I've known people like that too but that don't make the show any better!
 
siarc said:
i thought it was ashcroft/morris & nathan/brooker?

They're both Ashcrofts if one insists on seeing it in this way - Ashcroft's article Rise Of The Idiots is clearly inspired by Brooker's Screen Burn columns.
But see the post I C&Ped earlier - it doesn't matter who's who - WE/THEY'RE ALL CUNTS!
 
Forgive me if this seems a bit too obvious to people but Dan Ashcroft is a big (if not bigger) idiot than Nathan, he just doesn't realise it, or maybe doesn't want to realise it. Plus: everything about his life is really shit.

So - if you say that Charlie Brooker is Dan Ashcroft then what you're saying (in effect) is that he's a total fucking deluded idiot.

Which i think is harsh.

Yeah?
\
kyser_soze said:
Fucking genius piece of comedy this...I'm minded to have a butchers at the old 'Cunt' compilation webpage too

Went through them all on Monday... The small text "Call Kilroy" plays havoc on the eyes thou...
 
akirajoel said:
Forgive me if this seems a bit too obvious to people but Dan Ashcroft is a big (if not bigger) idiot than Nathan, he just doesn't realise it, or maybe doesn't want to realise it. Plus: everything about his life is really shit.

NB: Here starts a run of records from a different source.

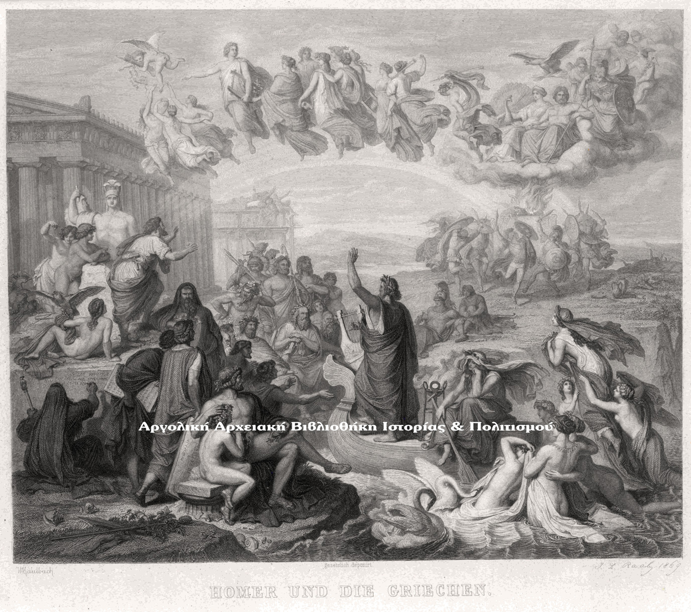 Ο Όμηρος και οι Έλληνες, έργο του Γερμανού ζωγράφου Wilhelm von Kaulbach (1805- 1874). Τοιχογραφία στη σκάλα του νέου μουσείου στο Βερολίνο, έκδοση του Alexander Dunckel, 1871.
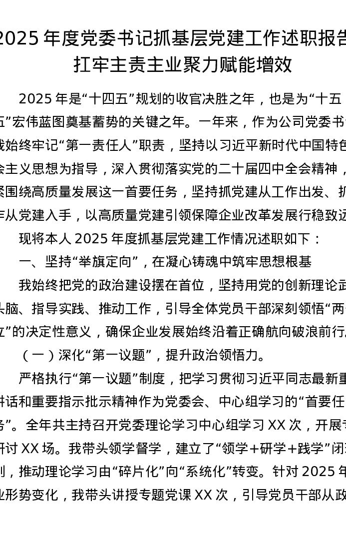 2025年度党委书记抓基层党建工作述职报告:扛牢主责主业 聚力赋能增效
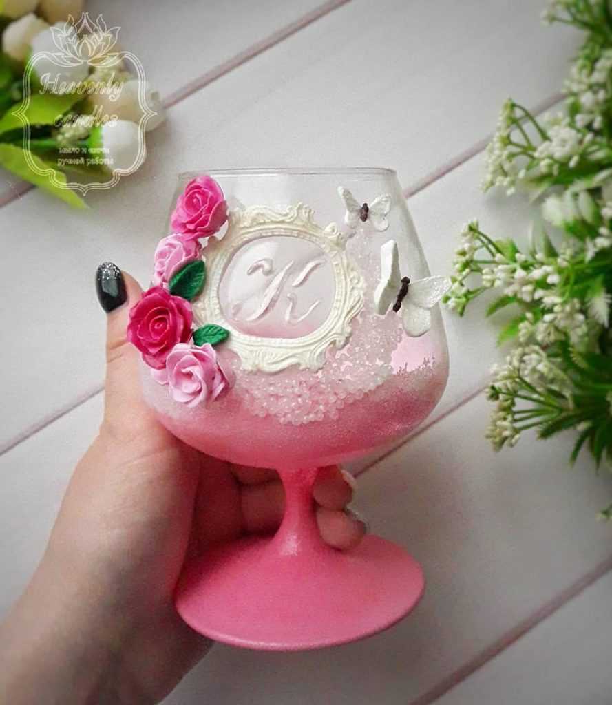 За основу работы можно взять также простую стеклянную вазу любой формы и размера. Вариантами для данного исполнения может послужить обычный высокий стакан или даже бутылка с широким горлом. Сам сосуд можно полностью покрыть полимерной глиной или оставить его прозрачным, лишь приклеив на него различные вылепленные фигурки.

So - if you say that Charlie Brooker is Dan Ashcroft then what you're saying (in effect) is that he's a total fucking deluded idiot.

Which i think is harsh.

Yeah?
But true - you seem to missing the point - that we're all self-deluded arrogant cunts. :rolleyes:
 
akirajoel said:
Forgive me if this seems a bit too obvious to people but Dan Ashcroft is a big (if not bigger) idiot than Nathan, he just doesn't realise it, or maybe doesn't want to realise it. Plus: everything about his life is really shit.
Did you read not read post 13? You're saying this as if it hasn't occurred to anyone else. Which makes you as cuntish as Ashcroft and Barley. And Brooker and Morris. And me for pointing this out.
 
Orang Utan said:
But true - you seem to missing the point - that we're all self-deluded arrogant cunts. :rolleyes:

Whatever. Maybe you are...

Seriously - I'm starting to remember of the bollocks that was spouted on the last Nathan Barley thread. <shudder>

It's a funny show that makes me snigger and cringe with painful recognition.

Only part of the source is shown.